TCP Window Size Allocation and TCP Zero Window Errors

monitoringtcpwireshark

Greetings Everyone!

My mind is about to explode as everyone is always blaming the network guys for disconnections and slowness in the networks, but Solarwinds Reports that all utilization in the network devices and links are Okay. So I tried sniffing then I got "Zero Window" errors. So If I may ask:

1.) How is TCP Window Size Allocated? (Is it per TCP conversation like if you have 1 Application(Mozilla Firefox) and 5 tabs open, then the OS allocates Window Size per tab?)

2.) What causes and How do you fix a "TCP Zero – Window" issue? (The Stock Trading Server is the one who is having a hard time processing burst traffic and sending the TCP Zero window messages to the traders but based on the Network Utilization(CPU, Memory and Link Utilization of Network Devices) in Solarwinds and Performance Monitoring(CPU, Disk Space, Memory, NIC Utilization) in both the Stock Trading Server and Database Server, it shows that is Perfectly Normal and even under-utilized!.)

3.) Is it perhaps in the Trading Server's Settings? (32 GB Memory but only uses the default tcp window allocation size of 64 MB)

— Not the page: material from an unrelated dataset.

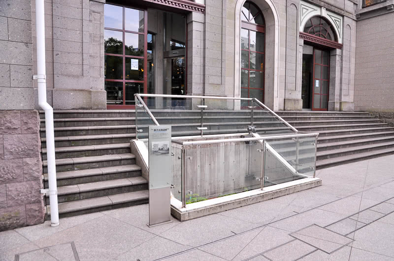 旧新橋停車場復元駅舎の北東側にある「鉄道歴史展示室」の入口。

4.) Or is there something wrong with how slow the Trading Application process the data? (I am planning to increase the TCP Buffer Size from 64KB to probably 256KB but it might not help if the the Trading Application Server itself process the data slowly.)

5.) Also, all the traders are experiencing "Unable to Connect to Trading Server" and "Intermittent Connections" errors. (but there's no report of network problem like "down links" or "fully utilized links". I've even tried to change the polling data to every 1 minute to capture short disconnections but I still see no problem) So I think that there might be a latency problem

6.) How do you measure Latency of Network Communication efficiently? What Free and Paid Software Solutions do you recommend? (Traceroute reports 4ms and even if i increase the ping packet to 1mb, it also shows 1-3ms delay so I don't think that's helpful)

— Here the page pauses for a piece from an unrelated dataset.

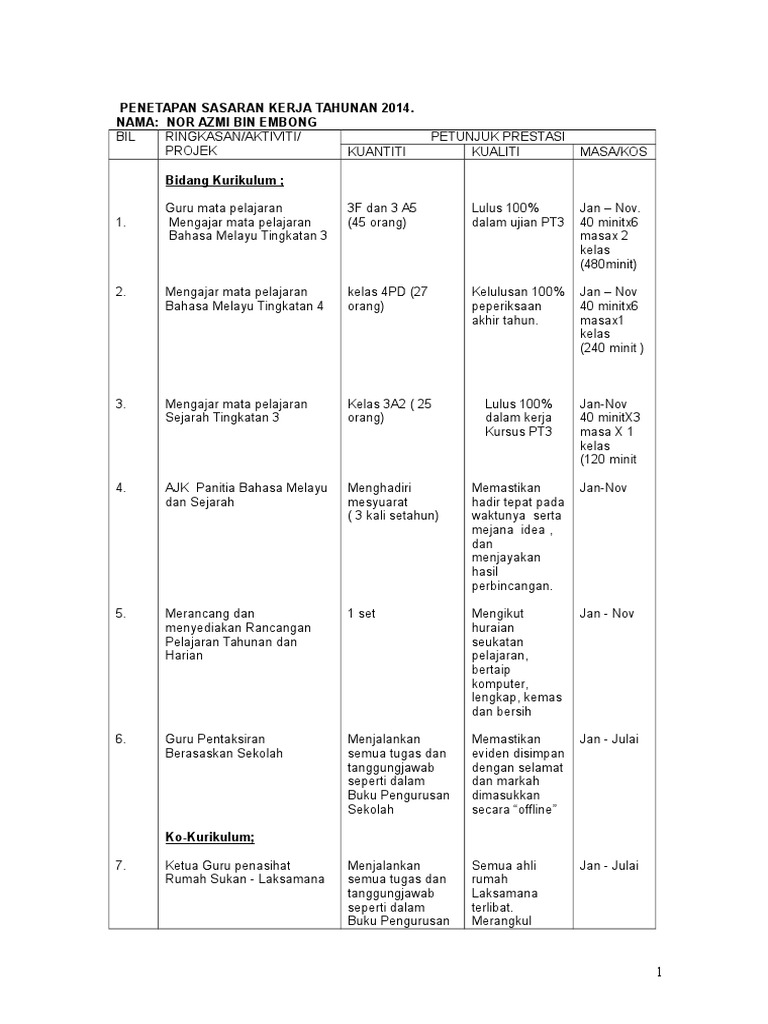 Sasaran kerja tahunan contoh pengisian sasaran kerja tahunan dan laporan pencapaian bil. SHAHRIZAN BINTI WAHABBIL RINGKASANAKTIVITI PETUNJUK PRESTASI PROJEK KUANTITI KUALITI MASAKOS Bidang Kurikulum 1. Kertas kerja perniagaan lm 2025 1.

7.) How do you sort out each TCP thread/conversations if the source port and destination port are the same and the data is encrypted? (Like if the Stock Trading Server and the SQL Server talks on the same port numbers but has multiple transactions going on.)

Sorry, I'm just new to the networking world so there are a lot of stuff I don't know and can't find in books and other resources. I think this kind of things are learned through experience so please share your wisdom.

Thank you and Have a Good Day! 🙂

Best Answer

Well I think you are in luck, as there is a wireshark forum convo that addresses this completely, and describes your situation.

https://ask.wireshark.org/questions/2365/tcp-window-size-and-scaling

Basically, it's not the network, it's more likely the server your traders are all trying to access. The server can't process the packets it's getting at the rate it's getting them (i.e., drinking from the firehose) and thus that message is the result.

Asking about tools, well, wireshark ;)

You need networking monitoring for long-term bandwidth and error graphing/tracking. Cacti and Nagios (or Icinga) are free applications that run on any unix/linux platform. For Windows, you're better off buying something from SolarWinds (you work for a trading firm so they should be able to spend a small amount on this); What's Up Gold would be a decent starting point. Not from SolarWinds but very good is PRTG.

For immediate tools, read more on ping and traceroute in windows. The defaults for those commands are absolutely horrible, and tweaking them can give you better and faster results. If you have a unix/linux system available, mtr is the trace/path-performance tool-of-choice for network administrators.